"Following oral intake, Diquat directly targets intestinal epithelial cells, where it generates excessive ROS through redox cycling. This leads to the downregulation of tight junction proteins such as ZO-1, occludin, and claudin-1, thereby significantly increasing intestinal permeability (Jin et al., 2021; Cao et al., 2019).
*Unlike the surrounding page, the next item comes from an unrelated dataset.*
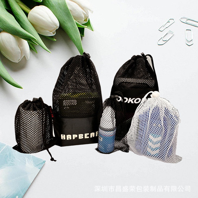 Нейлоновый полиэфирный теннисный мешок спортивный черный белый игрушечный шнур сетчатая ткань для хранения сумки для упаковки на заказ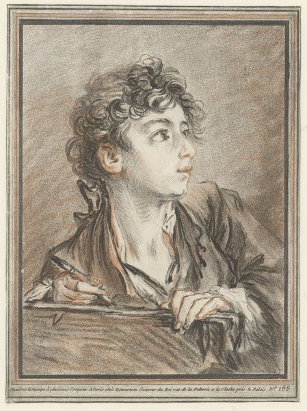 Curator: Looking at this canvas, titled "Colin Alexander, painter" and attributed to Théodore Géricault, the first thing I notice is the brooding intensity. The light is concentrated on the subject's face, but even in that light, there's a profound melancholy. What's your read on it? Editor: My immediate response is the way Géricault works with the oil paint. It’s quite visceral; you can see the application, the blending of the pigments. The material quality really draws me in; look at those layered, fluid brushstrokes depicting his hair! It gives the portrait an active feeling. Curator: Indeed. The romantic temperament is so palpable here. This piece arguably plays with the trope of the artist as a tortured soul. There’s a dramatic contrast in tone, that hints towards his complicated inner self and the overall creative experience during the Romantic Era. Editor: Definitely. The layering is key; building up shadows, carving the figure from the dark ground with controlled strokes of impasto, that blue scarf rendered with such casual dynamism, probably a remnant off cut... Curator: You're highlighting the materials' expressive capacity and their implicit connection to the social history of art production and display. Did such casual dynamic portrayal in his portraits allow greater acceptance within prominent artistic circles and Salon audiences of the time? Editor: Precisely. His ability to construct his own persona as a craftsman mirrors the Romantic ideal, a bridge of classic technique, contemporary expression. A bold and calculated manipulation of materiality and style. Curator: It makes you consider the image’s role, not just as a rendering of an individual, but also as a crafted identity. And how he saw himself within the shifting cultural landscape of art. Editor: It’s a dialogue between the hand, the material, and the persona, crafted carefully for both the sitter and the artist. Curator: So, as we step away from the portrait of Colin Alexander, what resonates for me is the intersection of historical forces shaping art production and a very individualized representation. Editor: And I am struck by how the deliberate application of paint can convey not only form but also a potent emotional landscape; Géricault transforms materials into more than just pigments, but into expressive social commentary.

The resulting barrier dysfunction facilitates the translocation of endotoxins and unmetabolized Diquat molecules from the gut lumen into the systemic circulation, subsequently triggering a systemic inflammatory response via activation of the TLR4/NF-κB signaling pathway (Cui et al., 2023; Huang et al., 2024; Liu et al., 2021; Zhan et al., 2025). In this process, the gut microbiota plays a pivotal “amplifier” role: Diquat inhibits the proliferation of beneficial bacteria such as Lactobacillus, while promoting the enrichment of potentially pathogenic taxa such as Actinobacteria and Ruminococcaceae, leading to a reduction in key microbial metabolites including indole-3-methanol, 5-hydroxyindole-3-acetic acid, and uridine (Fu et al., 2021). These small molecules are normally involved in maintaining intestinal barrier integrity and immune tolerance through activation of the aryl hydrocarbon receptor (AhR). Their depletion exacerbates mucosal damage and inflammatory cascades (Kahalehili et al., 2020; Dang et al., 2023). This resulting cycle of “oxidative stress–microbial dysbiosis–inflammatory amplification” may serve as a key driving force in the development of MODS."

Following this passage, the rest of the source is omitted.